**DATA IN THIS EXERCISE**:
[Start of Attachment]

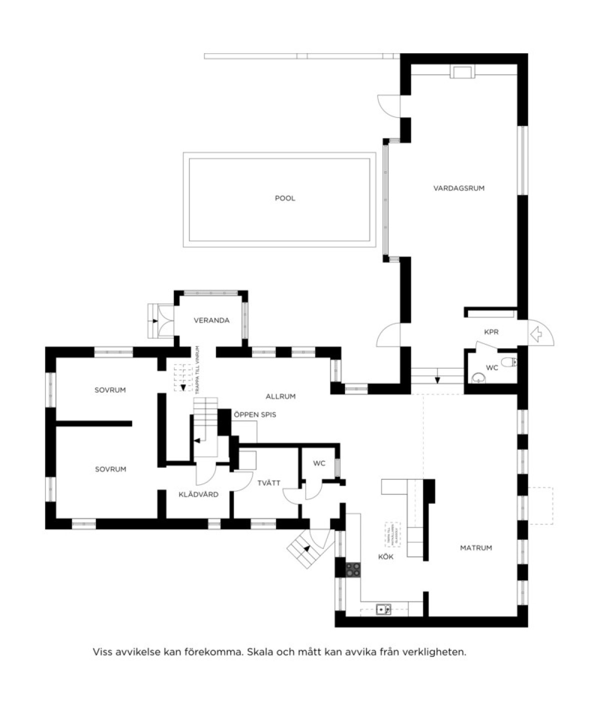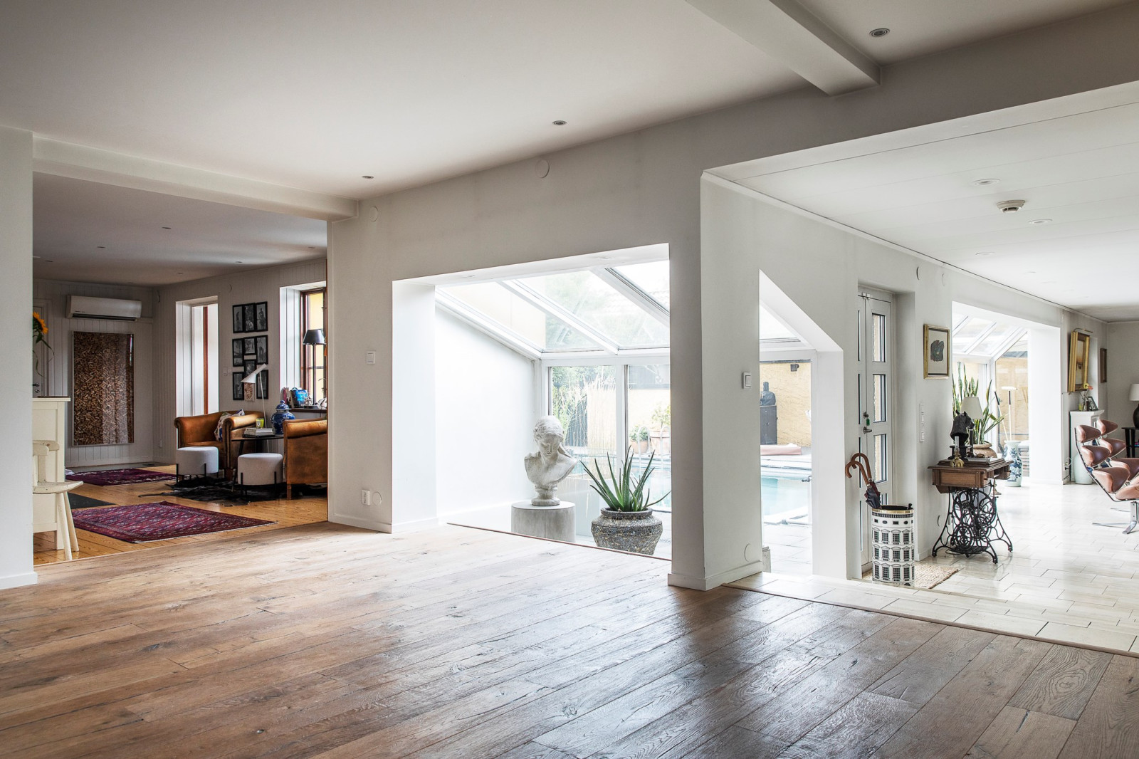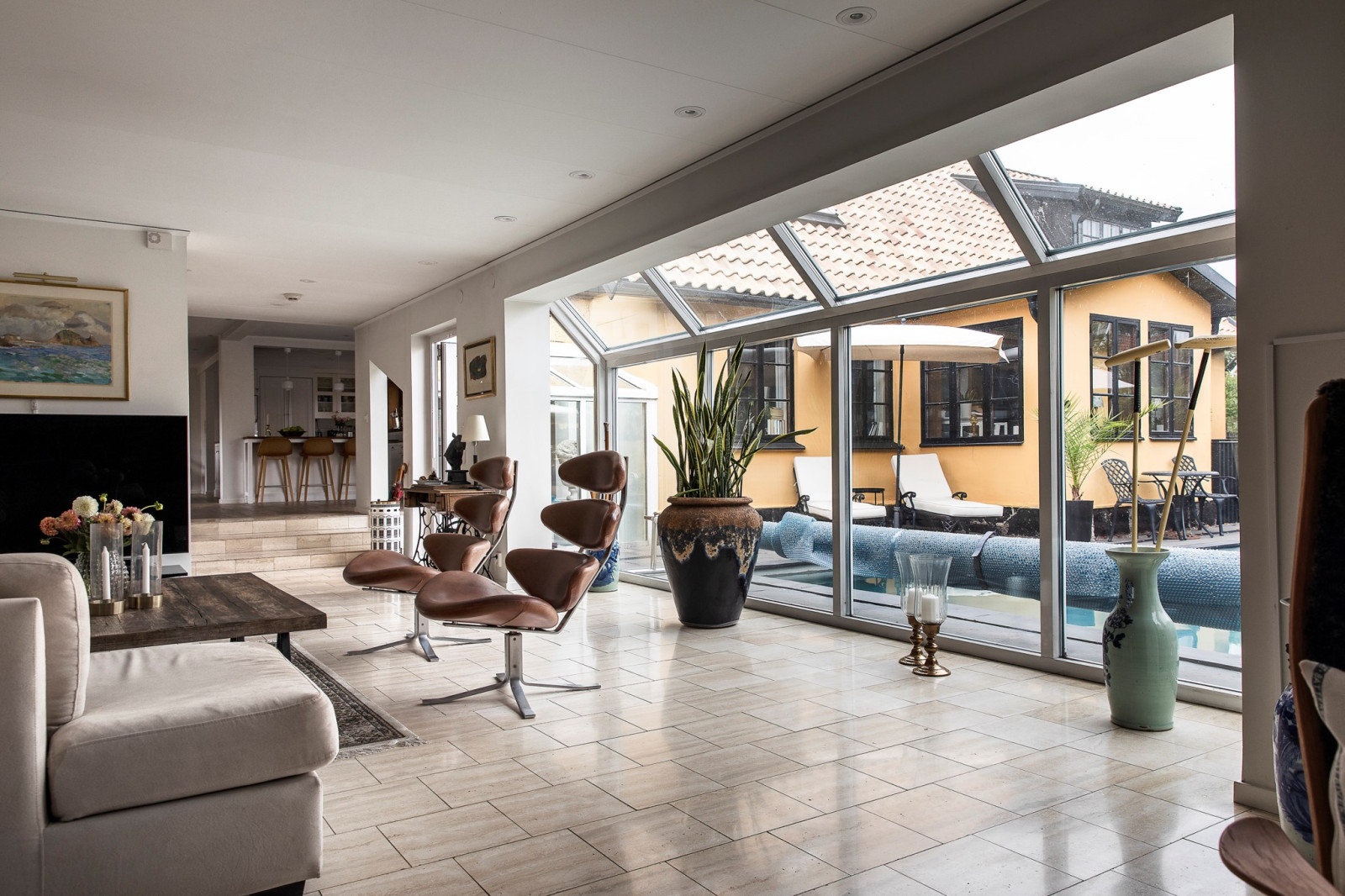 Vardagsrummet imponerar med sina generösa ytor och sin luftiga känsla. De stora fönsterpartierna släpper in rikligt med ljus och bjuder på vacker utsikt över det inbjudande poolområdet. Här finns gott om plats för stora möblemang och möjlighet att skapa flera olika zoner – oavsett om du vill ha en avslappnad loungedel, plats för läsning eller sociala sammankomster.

[End of Attachment]
[Start of Attachment]

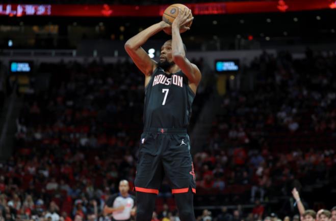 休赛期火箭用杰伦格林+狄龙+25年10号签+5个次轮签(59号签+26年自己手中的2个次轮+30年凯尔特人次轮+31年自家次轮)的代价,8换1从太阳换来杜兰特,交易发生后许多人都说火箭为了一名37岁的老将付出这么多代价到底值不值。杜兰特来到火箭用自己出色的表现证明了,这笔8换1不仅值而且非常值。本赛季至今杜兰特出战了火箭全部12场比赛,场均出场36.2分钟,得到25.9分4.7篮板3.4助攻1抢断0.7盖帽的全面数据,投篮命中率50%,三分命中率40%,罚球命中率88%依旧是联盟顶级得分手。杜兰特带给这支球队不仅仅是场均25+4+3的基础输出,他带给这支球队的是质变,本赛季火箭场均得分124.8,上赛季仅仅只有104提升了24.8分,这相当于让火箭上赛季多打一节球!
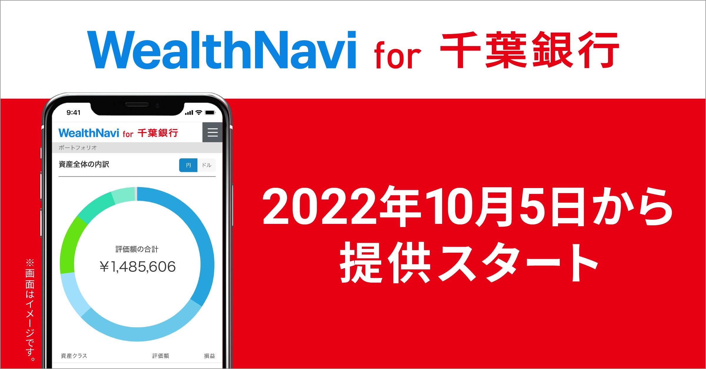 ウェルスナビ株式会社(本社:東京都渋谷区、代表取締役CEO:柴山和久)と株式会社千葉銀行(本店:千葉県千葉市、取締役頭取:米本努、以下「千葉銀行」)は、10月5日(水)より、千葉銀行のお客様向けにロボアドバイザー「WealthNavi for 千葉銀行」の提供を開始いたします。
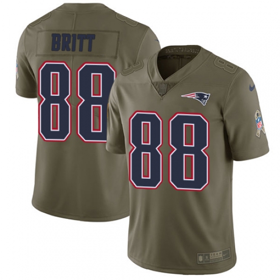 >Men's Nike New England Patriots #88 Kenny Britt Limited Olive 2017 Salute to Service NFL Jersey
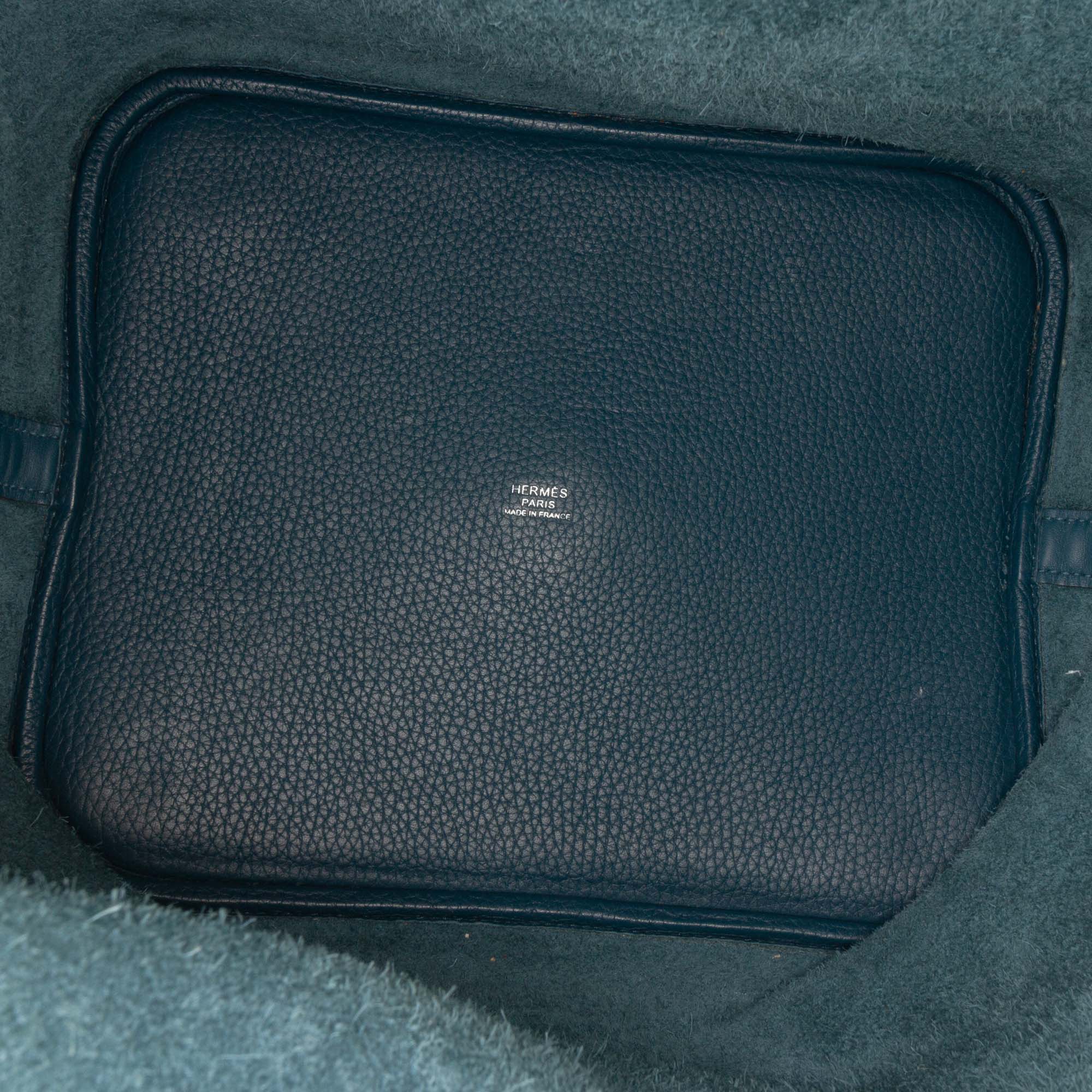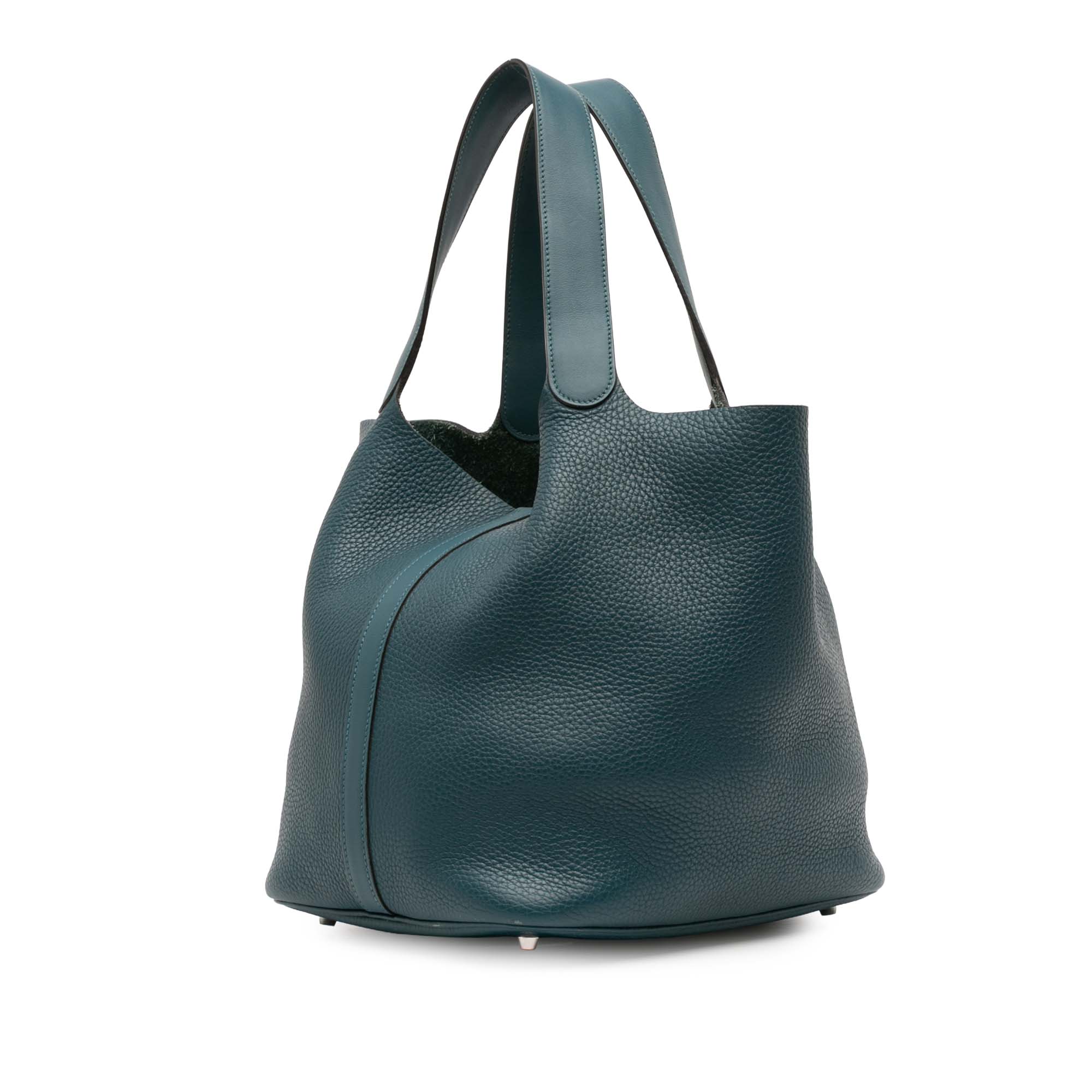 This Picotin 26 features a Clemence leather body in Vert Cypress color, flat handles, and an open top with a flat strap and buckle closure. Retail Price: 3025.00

[End of Attachment]

**TASK**: Each line above that falls between the line with "Service NFL Jersey" and the line with "This Picotin 26" should be printed exactly, together with those two lines, but the pictures should not.

**REPLY TO THE EXERCISE**:
 >Men's Nike New England Patriots #88 Kenny Britt Limited Olive 2017 Salute to Service NFL Jersey
 This Picotin 26 features a Clemence leather body in Vert Cypress color, flat handles, and an open top with a flat strap and buckle closure. Retail Price: 3025.00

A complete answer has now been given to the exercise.